Elections

Given the business

Qualicum Beach mayoral candidates Mike     Wansink, left, and Teunis Westbroek. - Steven Heywood photo
Qualicum Beach mayoral candidates Mike Wansink, left, and Teunis Westbroek.
— image credit: Steven Heywood photo

Is Qualicum Beach unfriendly to business?

That was one question that came up repeatedly at Wednesday night’s all candidates meeting.

The answer, it seems, depends on which candidates you talk to.

“That’s a perception that is confronting the business community,” mayoral candidate Mike Wansink said. “We have to eliminate that. For instance, right now, builders can’t build downtown because the development cost charges are just too high and the town policy for creating new buildings requires commercial space on the bottom floor. We have to create policies and adjust DCCs and make them more friendly to the business community.”

Incumbent mayoral candidate Teunis Westbroek disagreed, citing the newly-opened Dolly’s Home Hardware building on Second Avenue as an example of development done right.

“Sometimes there is that perception, but look at what Home Hardware looks like,” he said. “People said we made it too difficult, but we made them put the ramp in the back and the delivery drivers love it. Sometimes it looks like we’re difficult, but we make long-term plans and we have the nicest town in British Columbia.”

Rich Mennie called on council to improve its relations with the business community.

 

“We benefit from a healthy business community,” he said.

“We should liaise closely with the chamber and downtown merchants to find out what they need for success. On the other hand, they need to provide the products and services that are of benefit to the community.”

Ed Woloshyn stressed that businesses need to be profitable, something that can be difficult to do when the streets roll up at 6 p.m.

Candidate Dave Willie certainly thinks the town is unfriendly to business.

“People don’t see opportunity here,” he said. “We have to bring that back.”

Bill Luchtmeijer agreed, calling the current municipal government a “no-growth council” and calling for an easing of the residential tax burden by revitalizing the downtown business core and revitalizing the tourism industry.

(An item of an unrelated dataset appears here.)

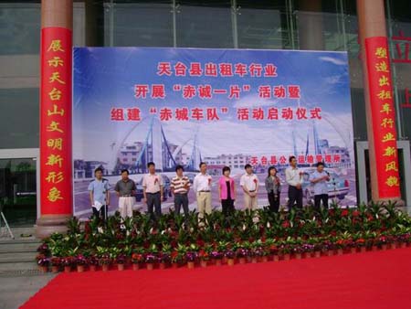 为进一步提高出租车服务质量和服务水平,着力营造“争当文明使者、共创和谐天台”的良好氛围,提升天台山文明旅游城市的品位,6月2日上午,浙江省天台县运管所在客运中心广场隆重举行全县出租车行业 “赤诚一片”活动暨创建“赤城车队”活动。县委常委、宣传部长裘国宏,县人大常委会副主任杨胜骏,副县长许世斌,县政协副主席茅玉芬出席了活动。

“What businesses are going to move into a town with a no-growth stance that is possibly losing its high school?” he asked. “Who in their right mind would want to open a business in Qualicum Beach?”

Tom Davies disagreed with that assessment, stressing the need to control growth.

“We need the right project at the right time, for the right reasons, with the right costs and for the right reasons,” he said.